Most teams evaluating Langdock Workflows want a clear breakdown of what they pay for, how costs scale, and how AI usage is billed. Langdock’s pricing is built around three main components: per-workspace packages, workflow runs, and AI credits with a 10% surcharge. Understanding how these pieces work together helps you forecast costs and design workflows that stay within budget.


Overview of Langdock Workflows pricing

Langdock Workflows pricing combines:

  • Per-workspace packages – a base subscription per workspace that unlocks features and capacity.
  • Workflow runs – usage-based costs tied to how often your workflows execute.
  • AI credits with a 10% surcharge – pay-as-you-go AI usage, based on tokens or model-specific pricing, with a transparent markup.

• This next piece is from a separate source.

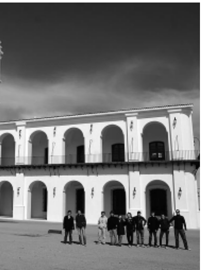
Aires, en la Ciudad de la Punta, San Luis.

This structure is designed so you can:

  • Pay a predictable base amount per workspace.
  • Scale costs as your automation (workflow runs) increases.
  • Control and monitor AI-related spend separately.

Per-workspace packages explained

A “workspace” in Langdock typically corresponds to a team, department, or project space where you manage workflows, data connections, and access controls. Pricing is anchored to these workspaces so you can keep billing aligned to how your organization is structured.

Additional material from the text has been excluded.